The first line of the entries is where the copy starts and the line with "Sleeveless top in" is where it ends; set down each line exactly, both ends included, and drop pictures.
BEGIN
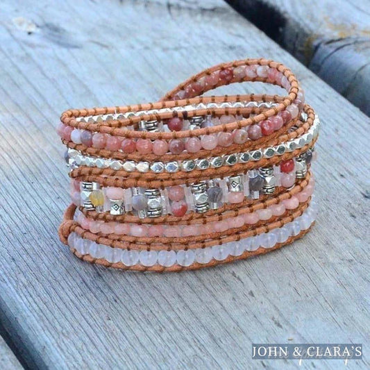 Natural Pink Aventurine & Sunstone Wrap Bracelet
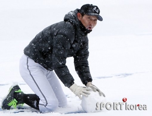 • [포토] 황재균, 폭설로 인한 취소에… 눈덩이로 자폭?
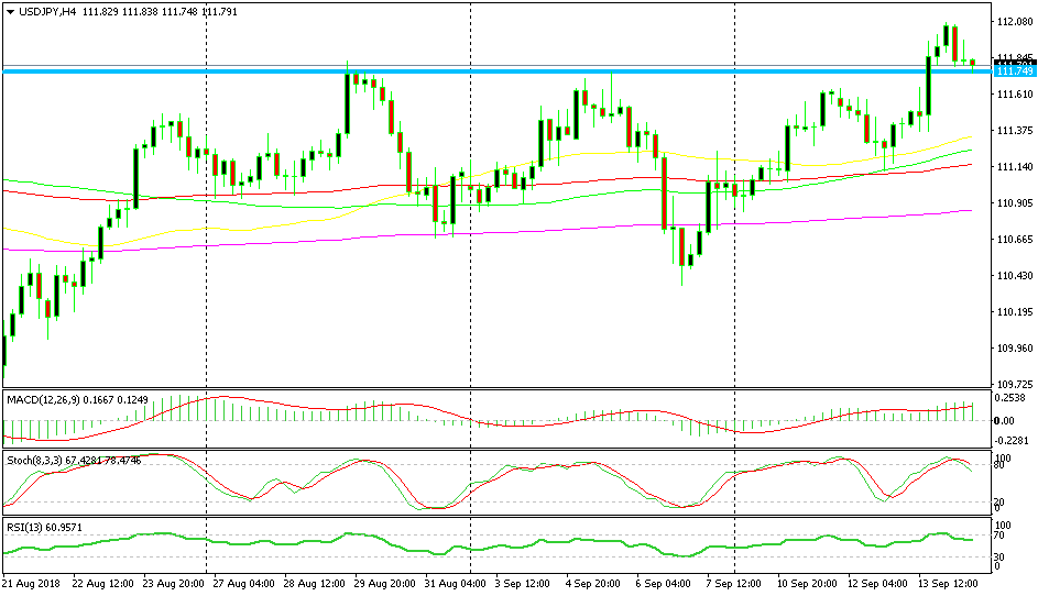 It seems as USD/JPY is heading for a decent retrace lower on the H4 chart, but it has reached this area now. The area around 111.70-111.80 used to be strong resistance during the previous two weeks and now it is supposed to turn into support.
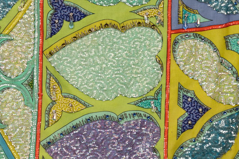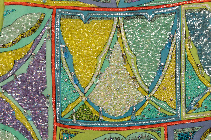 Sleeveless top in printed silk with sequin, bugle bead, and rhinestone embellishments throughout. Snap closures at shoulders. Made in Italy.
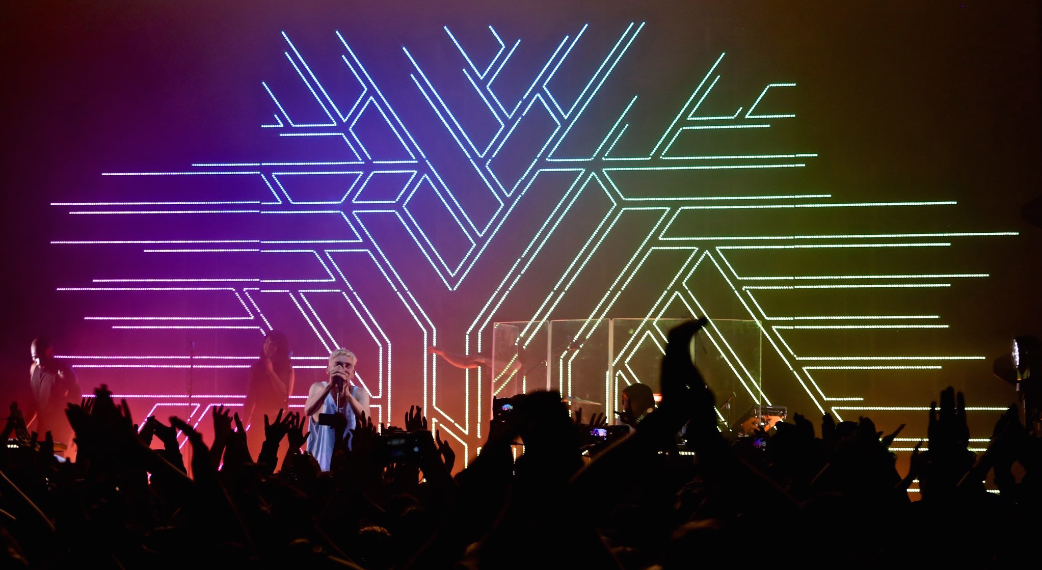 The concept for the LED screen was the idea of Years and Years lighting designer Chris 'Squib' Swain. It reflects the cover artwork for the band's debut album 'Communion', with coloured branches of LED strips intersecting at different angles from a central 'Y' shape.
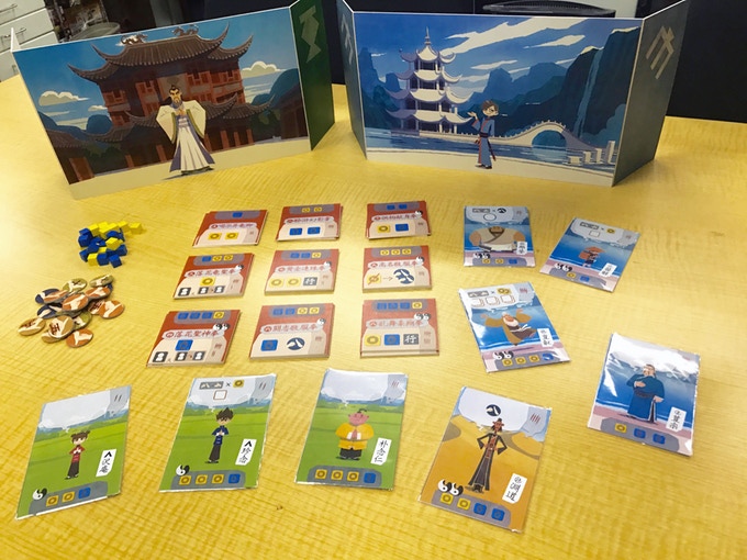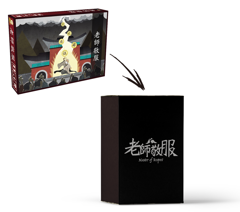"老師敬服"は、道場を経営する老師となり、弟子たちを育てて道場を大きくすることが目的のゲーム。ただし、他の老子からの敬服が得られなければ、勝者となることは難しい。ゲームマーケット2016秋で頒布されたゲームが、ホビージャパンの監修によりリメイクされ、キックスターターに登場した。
END
_Answer_
 Natural Pink Aventurine & Sunstone Wrap Bracelet
 • [포토] 황재균, 폭설로 인한 취소에… 눈덩이로 자폭?
 It seems as USD/JPY is heading for a decent retrace lower on the H4 chart, but it has reached this area now. The area around 111.70-111.80 used to be strong resistance during the previous two weeks and now it is supposed to turn into support.
 Sleeveless top in printed silk with sequin, bugle bead, and rhinestone embellishments throughout. Snap closures at shoulders. Made in Italy.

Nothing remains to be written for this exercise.